Un peu plus tard, Nicolas Bay mentionne également le cas de Jean-Sébastien Vialatte, candidat LR dans la 7e circonscription du Var et condamné en 2014 pour "provocation à la haine raciale" :
"Ça vous choque, monsieur Aphatie, que le candidat, député sortant d’ailleurs, dans le Var, des Républicains, monsieur Vialatte, qui a été condamné par la justice pour avoir dit 'Les casseurs sont des descendants d’esclaves et c’est pour ça que Taubira les défend', il est soutenu par monsieur Baroin, il est officiellement candidat des Républicains. Ça, ça vous dérange pas ? Et quand vous avez un dirigeant des Républicains qui vient sur votre antenne, vous lui posez pas la question ? C’est très révélateur.
"
#Étape 4 : Décrédibiliser l’enquête
Nicolas Bay décrédibilise ensuite l’enquête de BuzzFeed en insinuant que le travail de vérification n’a pas été effectué :
"Excusez-moi, mais BuzzFeed, c’est pas un juge d’instruction. C’est l’appréciation que fait un média de nos candidats, mais moi, j’indique que nos candidats respectent la loi et disent un certain nombre de vérités que les Français veulent entendre et que nous sommes peut-être les seuls à dire.
"
"Je crois qu’on essaie surtout de nous chercher des poux dans la tête", ajoute-t-il.
#Étape 5 : C’est pas si grave
Concernant le cas d’Agnès Marion, candidate dans la 10e circonscription de la métropole de Lyon et qui a liké des tweets homophobes et racistes, Nicolas Bay explique qu’il y a un fond de vérité. Il n’aurait "pas exprimé de cette manière" un tweet qu’elle a liké sur le ramadan, "ce moment de l’année où les dealers ne sont pas disponibles avant 22h", mais estime qu’il dresse tout de même un "constat" :
"- Nicolas Bay : Il s’agit pas de critiquer tous ceux qui font le ramadan ou tous les musulmans. Il s’agit simplement de faire, en fait… c’est peut-être maladroit mais il s’agit de faire le constat qu’évidemment, il y a un lien entre l’insécurité et l’immigration et que l’immigration provenant principalement, et pas exclusivement d’ailleurs, de populations musulmanes, eh bien elle amène aussi l’insécurité sur notre sol. C’est une évidence. Vous avez qu’à aller voir les prisons, vous verrez qu’il y a un lien évident entre insécurité et immigration. [...] Elle veut simplement dire qu’il y a, parmi les dealers, un certain nombre de personnes de confession musulmane, mais ça, c’est une évidence. [...] Je pense que, parmi les délinquants en France, il y en a beaucoup qui sont d’origine immigrée, voilà. Oui, oui, je crois. Et d’ailleurs, vous avez qu’à vous rendre, monsieur Aphatie, dans les tribunaux correctionnels, vous avez qu’à aller voir dans les prisons, vous pourrez difficilement dire le contraire après.
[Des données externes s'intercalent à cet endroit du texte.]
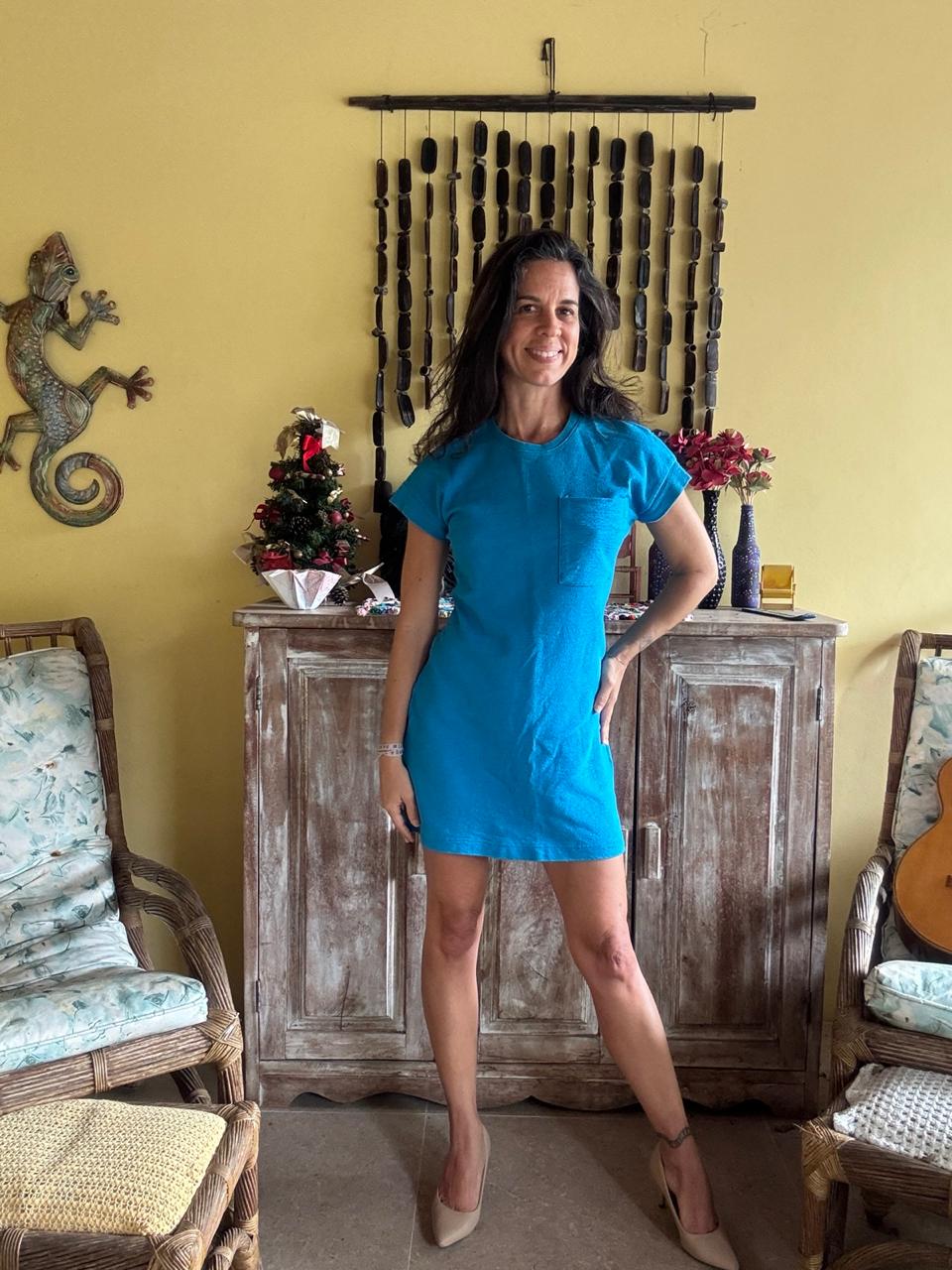 Vestido confeccionado em malha de algodão com textura granulada que apresenta modelagem reta e mangas curtas dobradas. Esta peça exibe um tom azul vibrante e bolso único no busto.
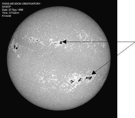 Le Soleil est la seule étoile du ciel pour laquelle, en raison de sa proximité, il est possible de voir les détails de sa surface. Rappelons que le diamètre du Soleil est de 1400000 km, et que les plus petits détails visibles dans les meilleurs télescopes font 100 km (ou 0.15 secondes de degré en valeur angulaire). Mais il s’agit là d’observations de détails, ce qui n’est pas la préoccupation des observations journalières du Soleil, qui concernent le disque solaire entier, avec une résolution plus modérée de l’ordre de 1000 km. Pourquoi observe t-on le Soleil régulièrement ? On a tout d’abord constaté que la surface du Soleil était en perpétuelle évolution, sur des échelles de temps courtes, pouvant varier de l’heure (cas des éruptions solaires) au mois (durée de vie des filaments et des taches) ; l’évolution des structures se présente d’un jour à l’autre de manière différente en raison de la rotation de l’étoile sur elle-même, qui varie de 26 jours à 31 jours de l’équateur aux pôles (le Soleil ne tourne pas comme un corps solide : sa rotation est différentielle, ce qui déforme les structures).

- Jean-Michel Aphatie : Le ramadan, ça concerne pas que les immigrés. Ce sont des amalgames qui ne reposent… qui brouillent tout raisonnement.
- Nicolas Bay : C’est exactement pour ça que je vous dis que je l’aurais pas exprimé de cette manière.
"
#Étape 6 : Rooooh ça va, on peut rire
Précisément sur Bernard Sironneau, candidat FN dans la 1ère circonscription de la Drôme qui a partagé un photomontage mettant sur le même plan Christiane Taubira et la publicité Banania "Y’a bon", Nicolas Bay demande à ce qu’on "vérifi[e] si c’est bien un compte qui lui appartient".
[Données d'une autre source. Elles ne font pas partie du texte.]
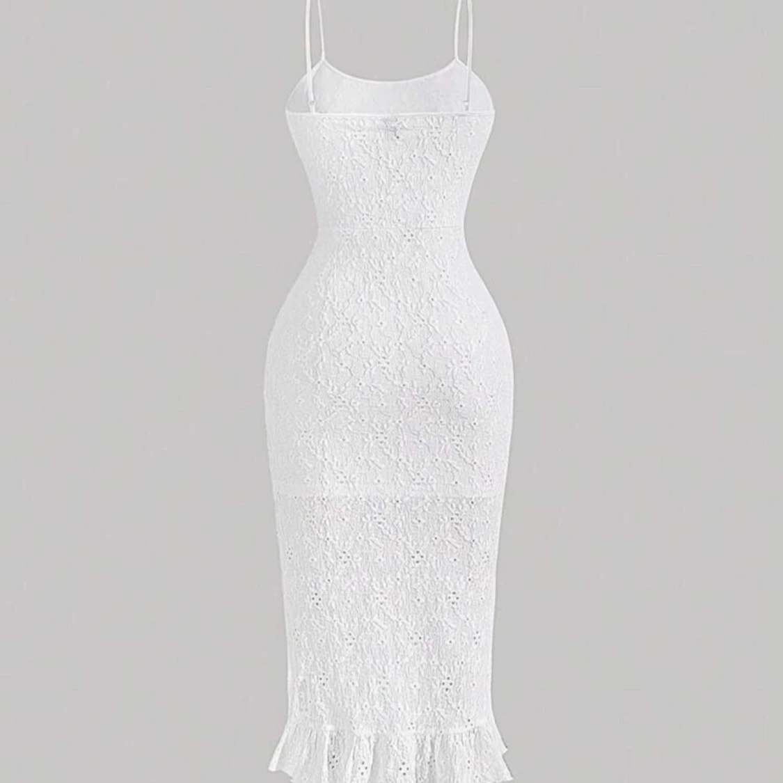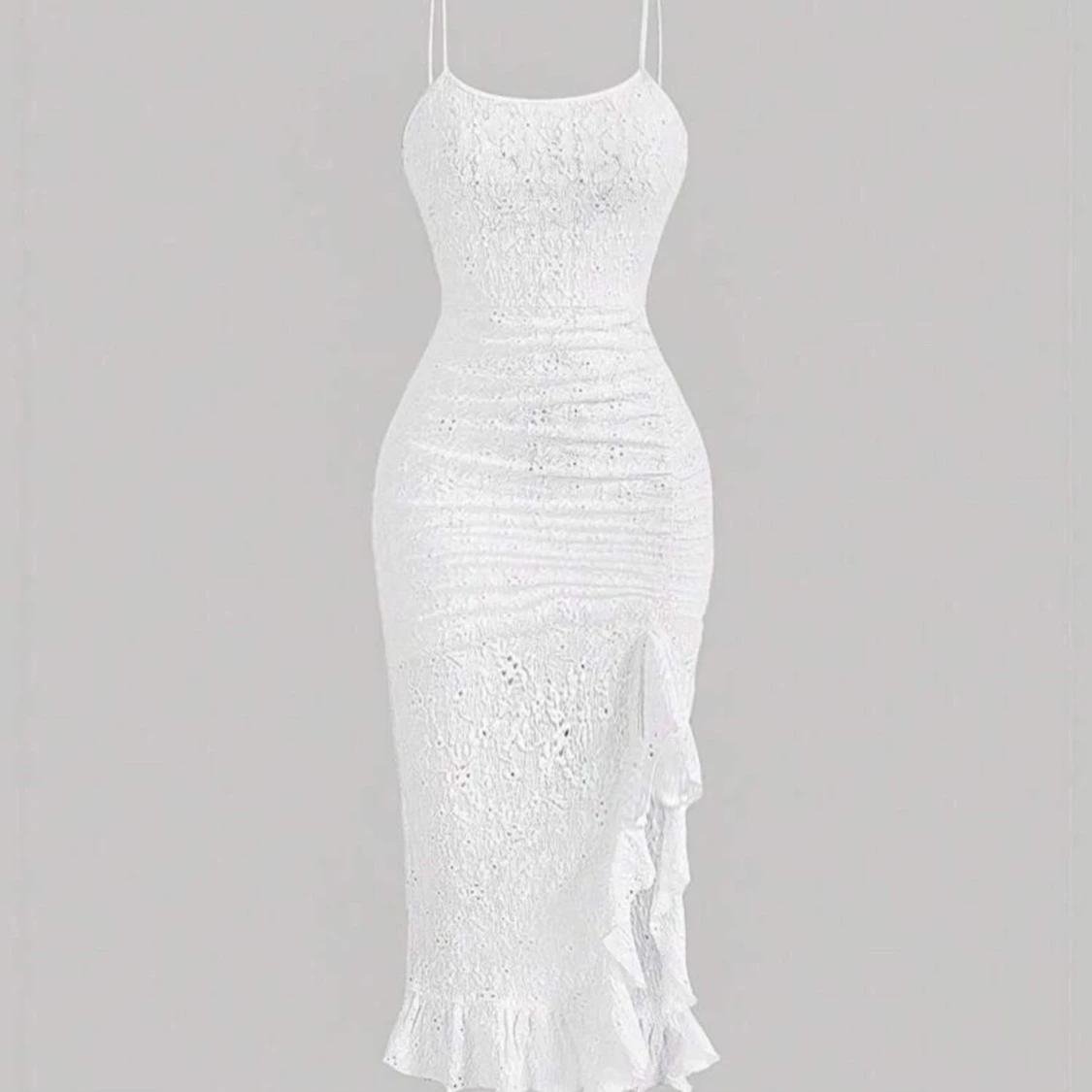Helt ny, Elegant vit klänning i spets med smala axelband och volangdetaljer längs sidan. Den har en tight passform som framhäver figuren och en vacker volangkant vid fållen. Perfekt för sommarens festligheter.

"Si c’est bien lui et si c’est bien son compte, c’est de l’humour de mauvais goût, voilà", balaye-t-il, alors que l’abbé Beauvais avait été condamné pour injure raciale pour avoir fait la même *blague*.
"Je sais qu’on les passe au peigne fin mais [les candidats FN] mènent campagne de façon exemplaire", conclut Nicolas Bay.
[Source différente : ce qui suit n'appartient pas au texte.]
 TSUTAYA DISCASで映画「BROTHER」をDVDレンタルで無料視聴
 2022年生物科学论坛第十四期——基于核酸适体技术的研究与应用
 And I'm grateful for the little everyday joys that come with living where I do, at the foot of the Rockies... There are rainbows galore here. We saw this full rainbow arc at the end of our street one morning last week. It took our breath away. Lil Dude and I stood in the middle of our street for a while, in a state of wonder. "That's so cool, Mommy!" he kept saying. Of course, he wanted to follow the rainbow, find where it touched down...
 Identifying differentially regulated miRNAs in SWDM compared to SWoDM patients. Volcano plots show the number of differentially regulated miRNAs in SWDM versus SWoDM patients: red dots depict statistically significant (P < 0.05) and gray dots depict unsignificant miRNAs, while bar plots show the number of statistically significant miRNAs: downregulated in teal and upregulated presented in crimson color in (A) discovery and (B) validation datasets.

Sur France Inter, David Rachline a lui aussi décrédibilisé l’enquête en assurant à tort que les candidats incriminés n’avaient pas "la parole" :
"J’ai regardé cette enquête de près. D’abord, si c’était une véritable enquête de journalistes, peut-être que ceux qui sont mis en cause auraient pu avoir la parole, ça n’est pas le cas. C’est un travail qui a été réalisé pour les candidats du Front mais qui n’a jamais été réalisé pour les autres.
"
Le sénateur-maire de Fréjus a assuré que certains groupes Facebook avaient "changé de nom en cours de route" mais que, s’il y avait "des propos inacceptables avérés, ces gens-là ser[aient] traduits devant des commissions de conflit qui les verr[aient] probablement exclus" du Front national.